I arrived just as Mel did, though at my request she let me walk the final few feet myself as she went to park her car. Each carrying a camera, we toured the site of the old motte and bailey whilst trying not to intrude into the other’s shots. I’ve since read that Duffus was once one of the most secure fortifications in Scotland, which seems more than a little surprising given its current state. I began to wonder what exactly it was about Duffus Castle that had made such an impression on me as a child, and I had to admit still so impressed me now. I have been to grander castles in more dramatic locations, many of them considerably more intact, and yet it was Duffus that I favoured above all others. I decided that it was because of, not despite, Duffus’ ruined state that I loved it so much; because it gave your imagination free rein to imagine it as it might have been, dungeons and dragons and all.

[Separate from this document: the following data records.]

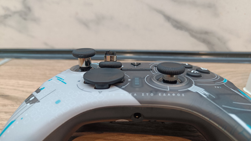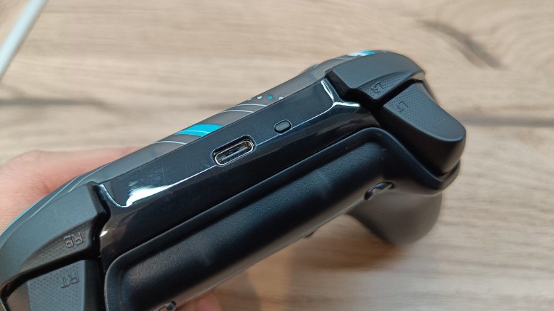 Верхняя часть также не обделена кнопками, хотя есть удобные выступы в случае игры без данных триггеров RB, LB, RT, LT. А еще есть разъем для подключения питания. Маленькая кнопка синхронизации.
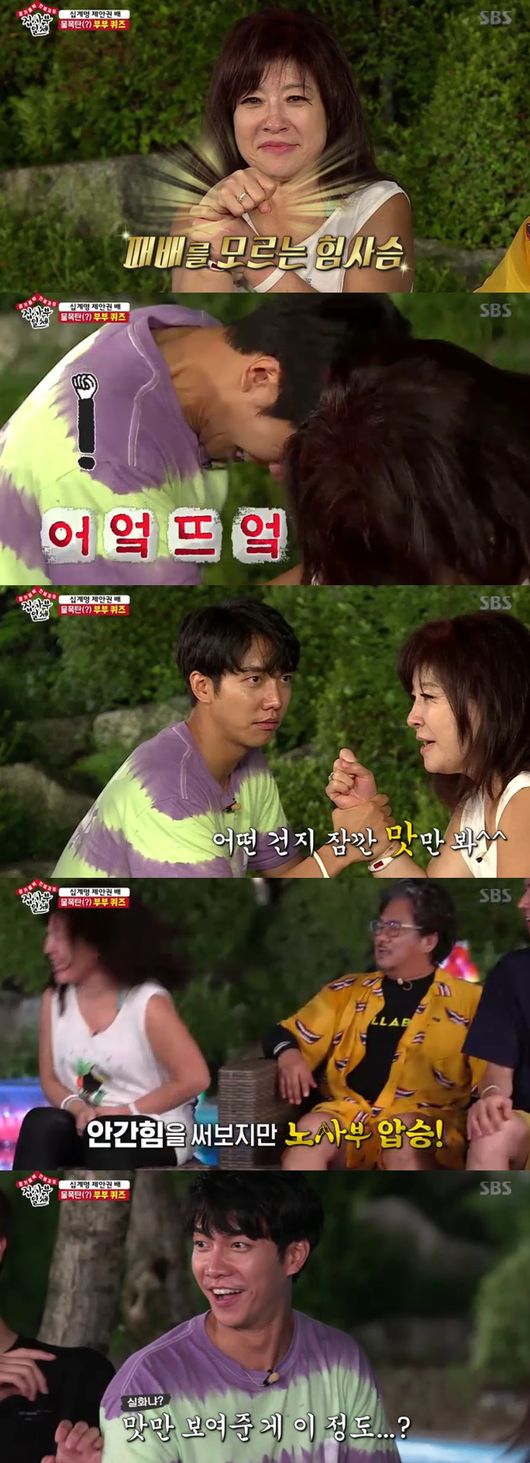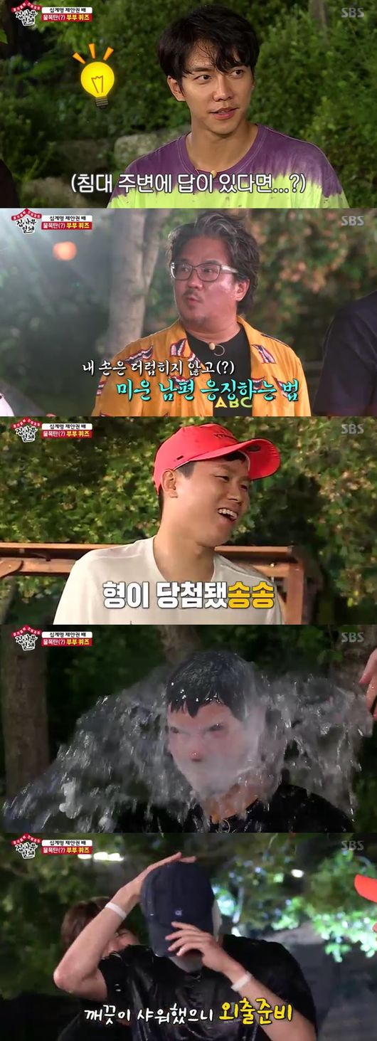 물 폭탄이 걸린 노사연, 이무송 부부의 부부퀴즈가 그려졌다. 노사연은 "남편이 미울 때 어느정도 밉냐고 했을까"라며 문제를 냈고, 이승기가 "액자가 떨어질 정도"라고 답하며 정답을 맞혔다. 노사연과 이무송은 짓궃게 장난치다가도 서로의 매무새를 만져주며 달달한 모습을 보였다.
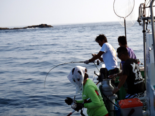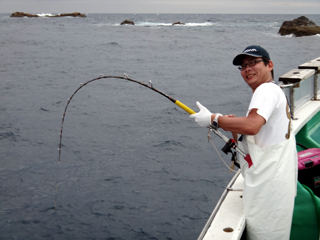 7/06 銭洲 23.4℃濁り アカイカ作戦 Dr,H様 カンパチ5.95kg 黙々と釣りする姿を拝見して、集中力凄し!と頭がさがります。 船長信じて頑張ってくれている。 感謝!感謝!感謝です。 自己新記録に向かい一直線!迷いはありません。 至れり尽くせりのスーパーVIPシステムご愛用願い有難う御座います。 もっと快適な!もっと優雅なシステムへ! シズテムアップさせて行きますので今後ともご哀願宜しくお願い致します。 有難う御座いました。
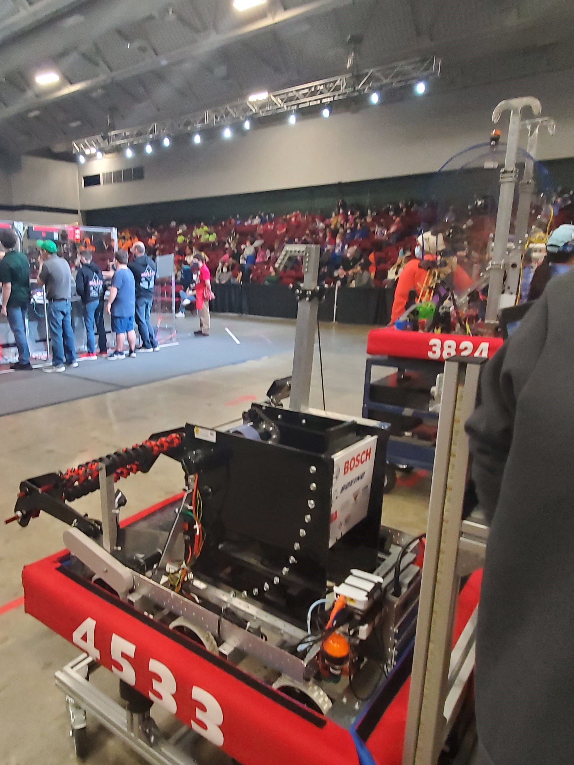 We were required to pick up very large tennis balls called cargo, and launch them into a hub where they were counted for points. We also had to climb a series of increasingly higher rungs. We went to Electric City and Smoky Mountain Regionals in season, and SCRIW off-season. We were finalists at Electric City and SCRIW.
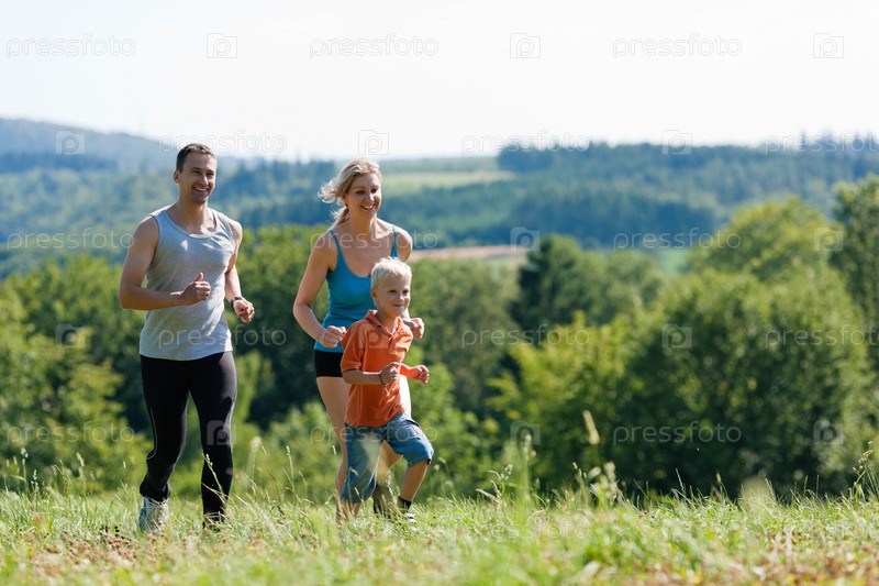 Счастливая семья из трех человек бежит по лугу
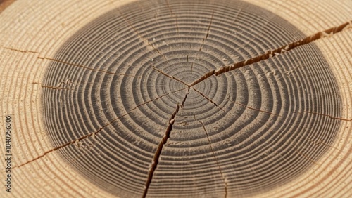 Fototapeta premium Close-up of a cross-section of a tree trunk with annual rings.
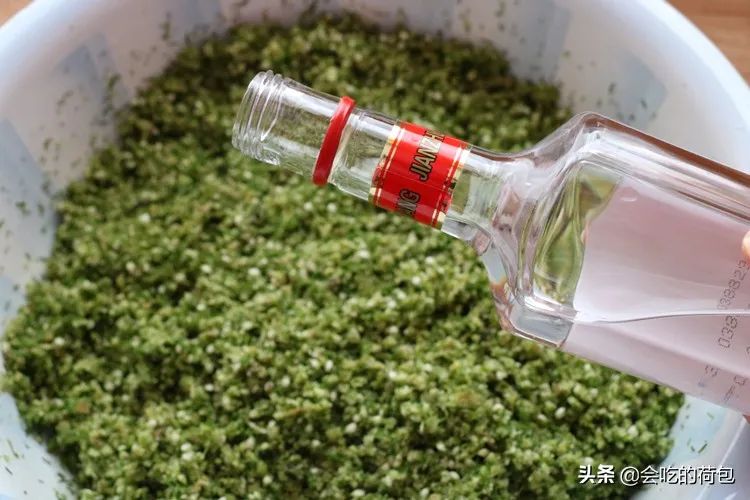 下面就要告诉您一个让韭菜花酱久放不坏的小秘诀,就是加一点白酒,白酒不仅可以增香,还能起到防腐的作用。白酒要高度的,没必要太贵的。放的量也不要太多,我腌了3斤韭菜花,放了一两白酒。太多的话,酒的香气容易遮住韭菜花的香气。
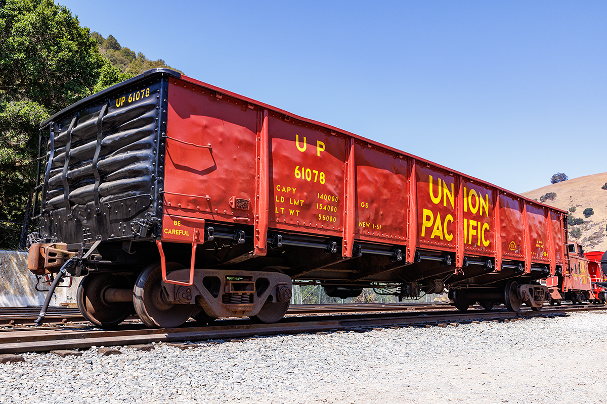 Gondola Gunderson, 1960, G-70-6 45′-10″ IL / Steel, 16 Door Bottom Dump Gondola / Capy 70 ton History: Built new as UP 61078; Donated to the PLA by the UP, 2008; Stored servicable and undergoing restoration 2020-2021 to as built UP lettering, Brightside, CA
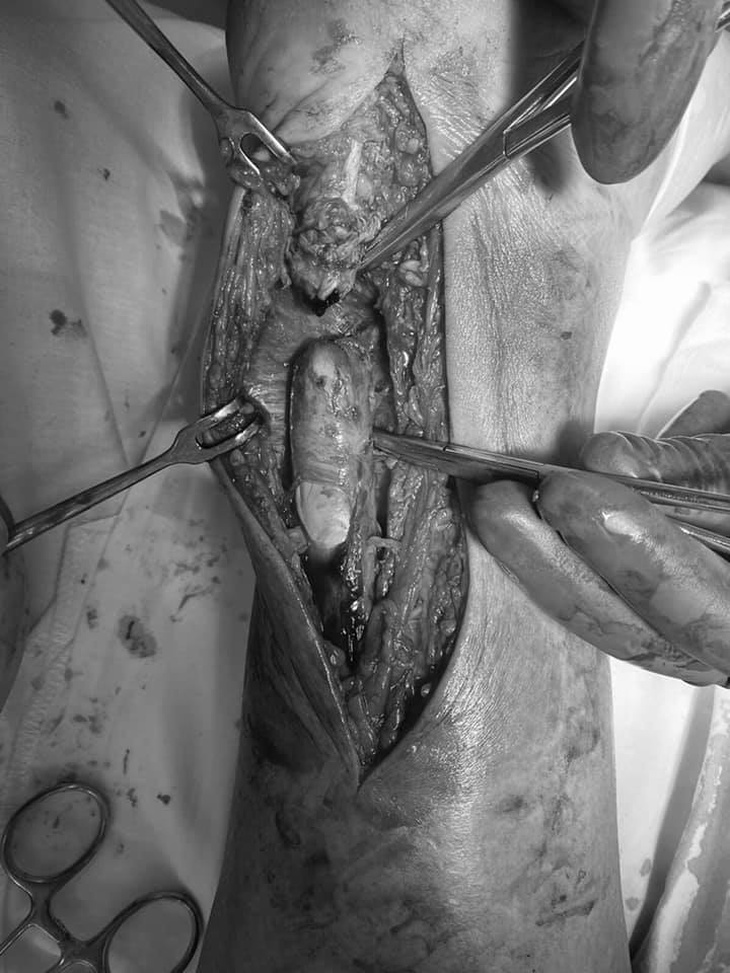 Це сухожилля прикріплюється до бугора п’яткової кістки та досить просто прощупується через підшкірно-жирову клітковину,

By car, we now set off for Spynie Palace, finding the visitor’s centre closed but the gate unlocked and a family of five picnicking within the grounds. My memories of Spynie Palace weren’t anywhere near as comprehensive as those of Duffus, both because we visited it less and because it didn’t have quite the same appeal (it had a visitor’s centre, for one), and no sooner had we arrived were we off again — to Findhorn beach. I love walking, but there’s definitely something to be said for the flexibility that comes with being able to drive — something that I should probably get around to learning at some point. At Findhorn beach I found a dolphin centre I never knew existed, and resolved to return in the summer when they were more likely to be seen feeding in the Moray Firth, from either Findhorn itself, Chanonry Point or the Scottish Dolphin Centre at Spey Bay.

On the way back to the station we stopped at The Drouthy Cobbler for a Sunday roast, sampling a couple of local beers as we ate, including Windswept Breweing Co.’s wheat and blonde lines. I had hoped for a night out at Johanna’s, Elgin’s nightclub, which I had often passed as a child en route to the cinema and never thought I’d be old enough to actually enter, but it hadn’t come to be. I still hadn’t been then, but this here seemed like a fitting way to mark the time that had passed since I lived there. Or at least tide me over until the wild weekend of driving, dolphins and dancing now penciled in for the summer.